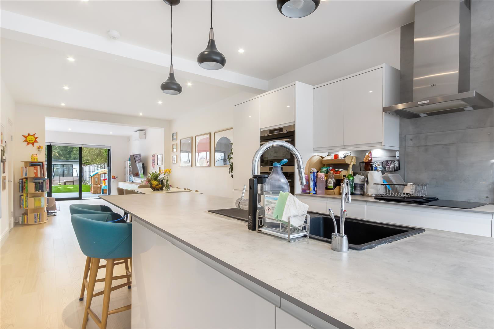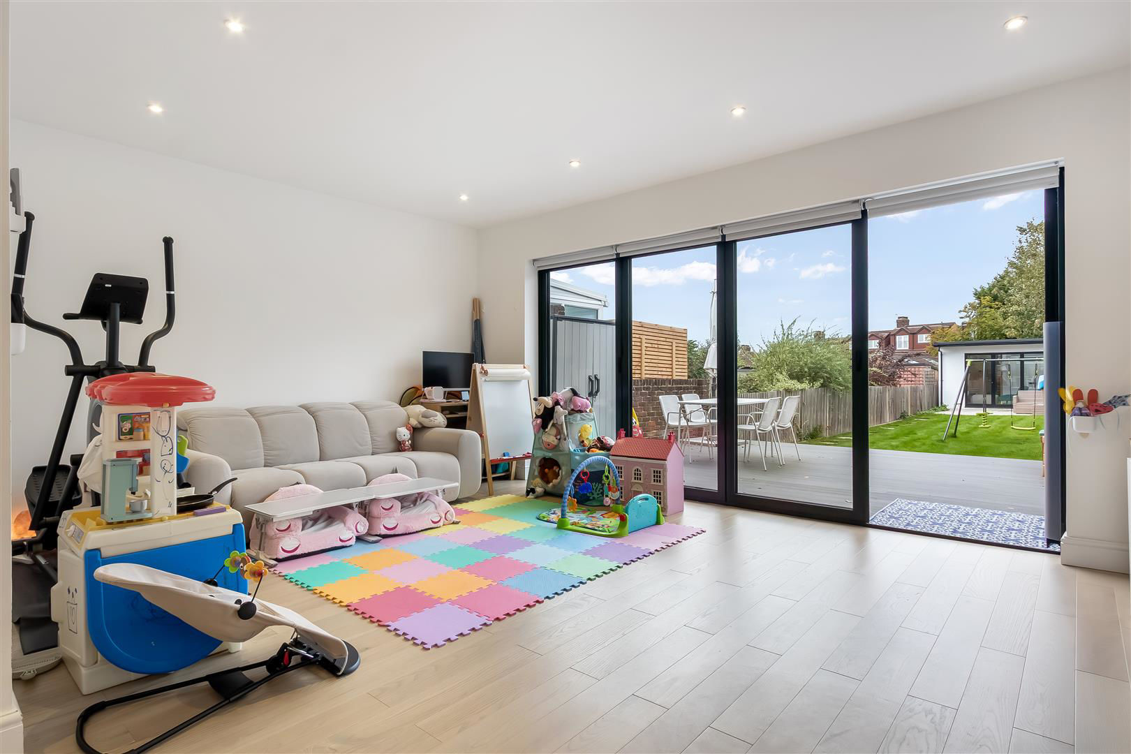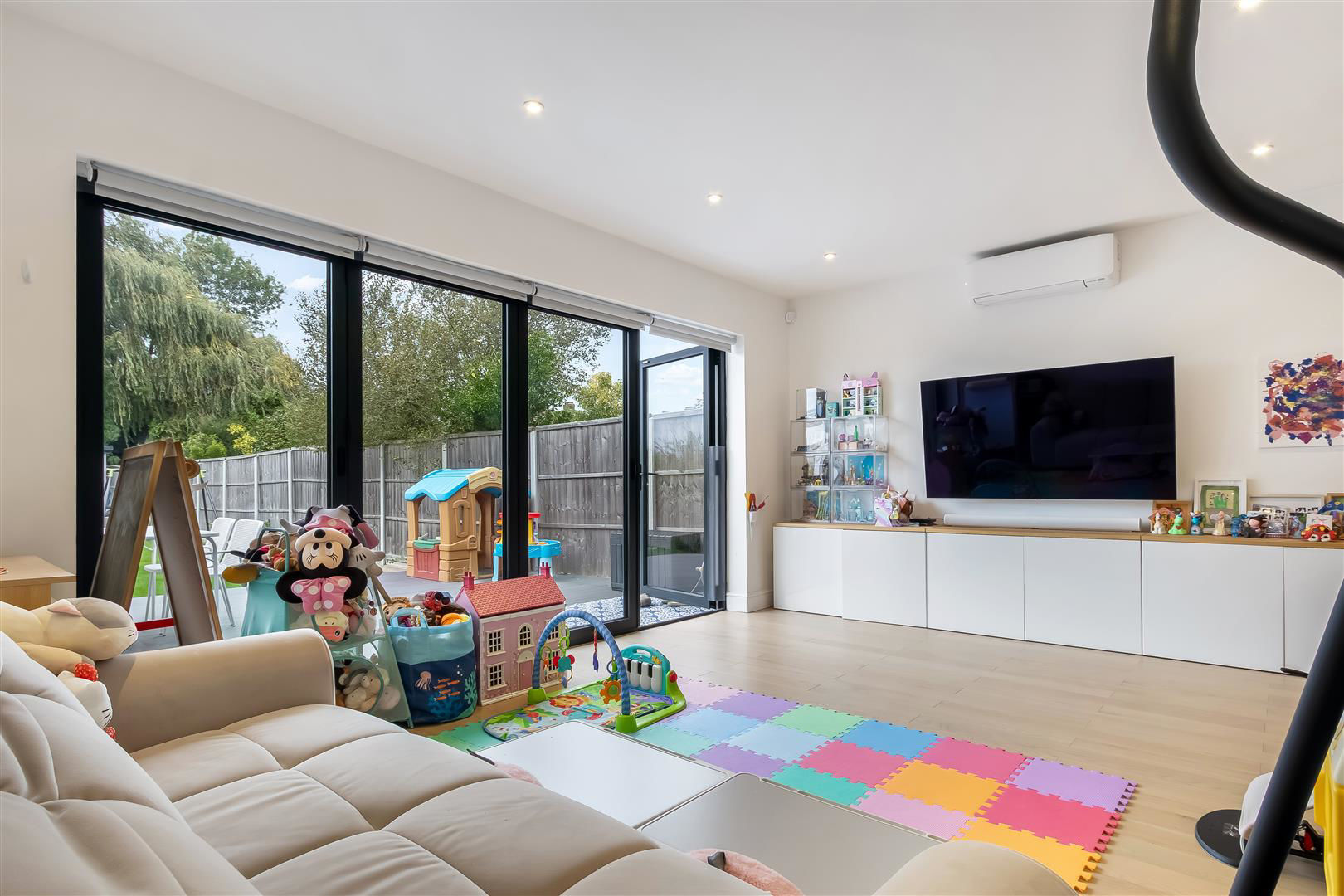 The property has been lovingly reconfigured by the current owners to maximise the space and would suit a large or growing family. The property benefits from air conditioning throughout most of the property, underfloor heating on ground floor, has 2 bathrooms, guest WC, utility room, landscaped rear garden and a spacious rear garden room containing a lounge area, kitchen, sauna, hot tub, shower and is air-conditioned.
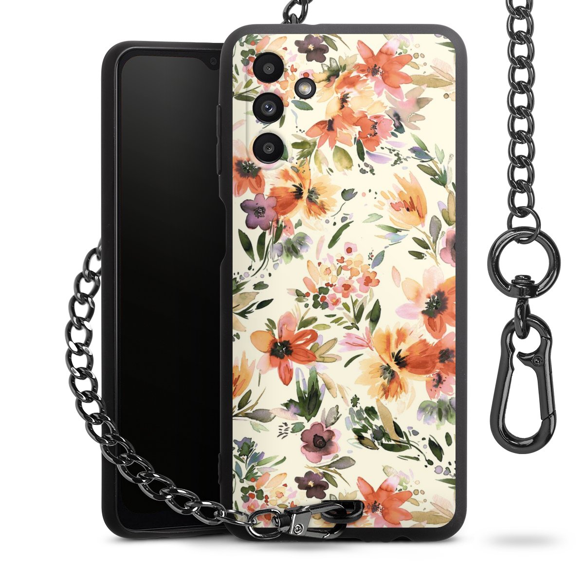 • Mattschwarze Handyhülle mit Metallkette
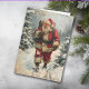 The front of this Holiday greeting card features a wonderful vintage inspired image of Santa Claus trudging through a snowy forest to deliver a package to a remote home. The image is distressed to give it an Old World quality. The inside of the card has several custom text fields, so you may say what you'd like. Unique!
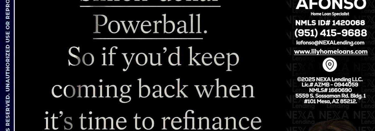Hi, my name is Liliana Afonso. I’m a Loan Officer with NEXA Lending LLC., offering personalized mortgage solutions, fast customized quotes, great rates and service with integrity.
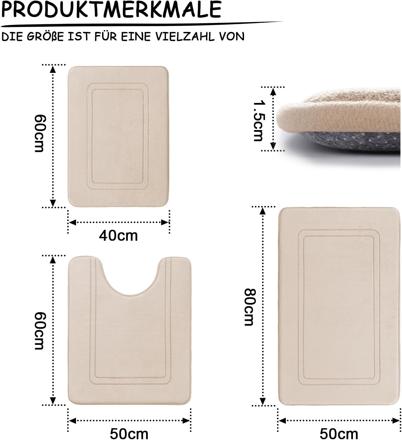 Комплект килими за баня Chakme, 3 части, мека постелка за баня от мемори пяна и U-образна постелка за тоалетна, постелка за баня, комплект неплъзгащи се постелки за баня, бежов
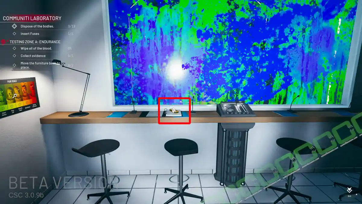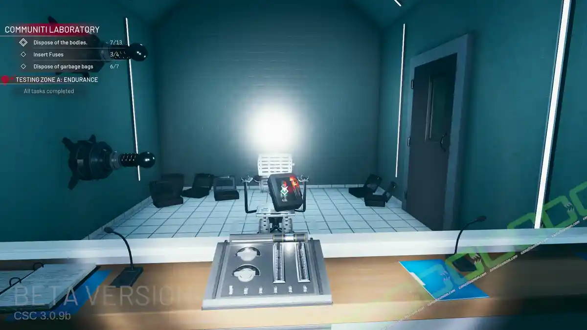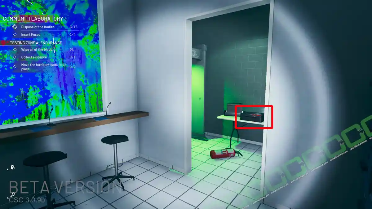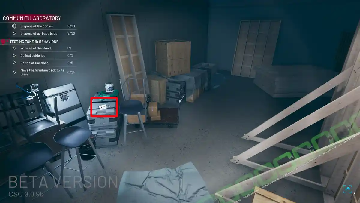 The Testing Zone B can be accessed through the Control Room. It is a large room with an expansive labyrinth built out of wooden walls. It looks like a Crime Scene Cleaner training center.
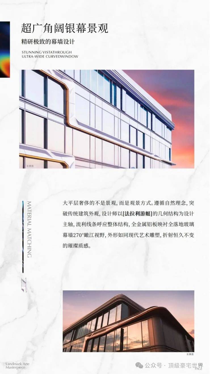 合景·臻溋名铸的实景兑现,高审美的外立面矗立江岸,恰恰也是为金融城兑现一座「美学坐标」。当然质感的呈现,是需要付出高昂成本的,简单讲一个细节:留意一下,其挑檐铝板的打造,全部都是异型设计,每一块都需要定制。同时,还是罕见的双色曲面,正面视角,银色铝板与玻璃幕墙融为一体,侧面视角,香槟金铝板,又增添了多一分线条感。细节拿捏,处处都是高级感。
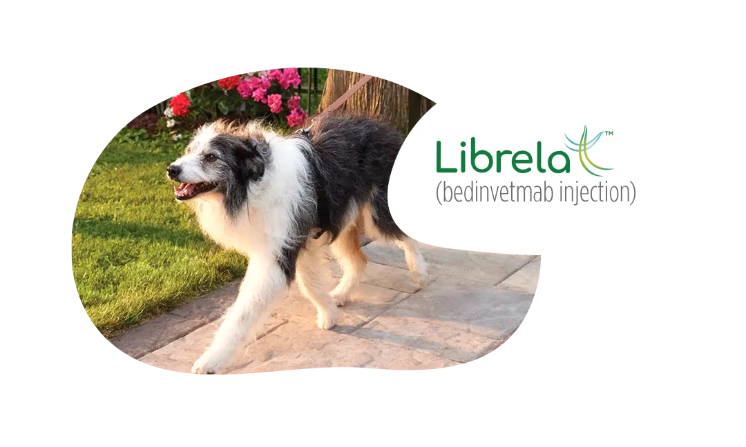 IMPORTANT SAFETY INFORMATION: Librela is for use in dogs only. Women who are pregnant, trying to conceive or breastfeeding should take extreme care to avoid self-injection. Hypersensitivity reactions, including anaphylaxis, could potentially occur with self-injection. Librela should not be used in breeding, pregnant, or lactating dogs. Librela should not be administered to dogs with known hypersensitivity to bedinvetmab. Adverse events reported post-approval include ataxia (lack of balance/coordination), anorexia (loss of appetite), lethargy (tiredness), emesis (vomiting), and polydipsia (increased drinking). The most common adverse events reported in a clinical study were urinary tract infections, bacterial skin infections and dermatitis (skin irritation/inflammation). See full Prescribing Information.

== WHAT THE EXERCISE ASKS ==
Using the listing above, set down exactly each line from the one containing "The front of" through the final line, and leave out pictures.

== TASK ANSWER ==
 The front of this Holiday greeting card features a wonderful vintage inspired image of Santa Claus trudging through a snowy forest to deliver a package to a remote home. The image is distressed to give it an Old World quality. The inside of the card has several custom text fields, so you may say what you'd like. Unique!
Hi, my name is Liliana Afonso. I’m a Loan Officer with NEXA Lending LLC., offering personalized mortgage solutions, fast customized quotes, great rates and service with integrity.
 Комплект килими за баня Chakme, 3 части, мека постелка за баня от мемори пяна и U-образна постелка за тоалетна, постелка за баня, комплект неплъзгащи се постелки за баня, бежов
 The Testing Zone B can be accessed through the Control Room. It is a large room with an expansive labyrinth built out of wooden walls. It looks like a Crime Scene Cleaner training center.
 合景·臻溋名铸的实景兑现,高审美的外立面矗立江岸,恰恰也是为金融城兑现一座「美学坐标」。当然质感的呈现,是需要付出高昂成本的,简单讲一个细节:留意一下,其挑檐铝板的打造,全部都是异型设计,每一块都需要定制。同时,还是罕见的双色曲面,正面视角,银色铝板与玻璃幕墙融为一体,侧面视角,香槟金铝板,又增添了多一分线条感。细节拿捏,处处都是高级感。
 IMPORTANT SAFETY INFORMATION: Librela is for use in dogs only. Women who are pregnant, trying to conceive or breastfeeding should take extreme care to avoid self-injection. Hypersensitivity reactions, including anaphylaxis, could potentially occur with self-injection. Librela should not be used in breeding, pregnant, or lactating dogs. Librela should not be administered to dogs with known hypersensitivity to bedinvetmab. Adverse events reported post-approval include ataxia (lack of balance/coordination), anorexia (loss of appetite), lethargy (tiredness), emesis (vomiting), and polydipsia (increased drinking). The most common adverse events reported in a clinical study were urinary tract infections, bacterial skin infections and dermatitis (skin irritation/inflammation). See full Prescribing Information.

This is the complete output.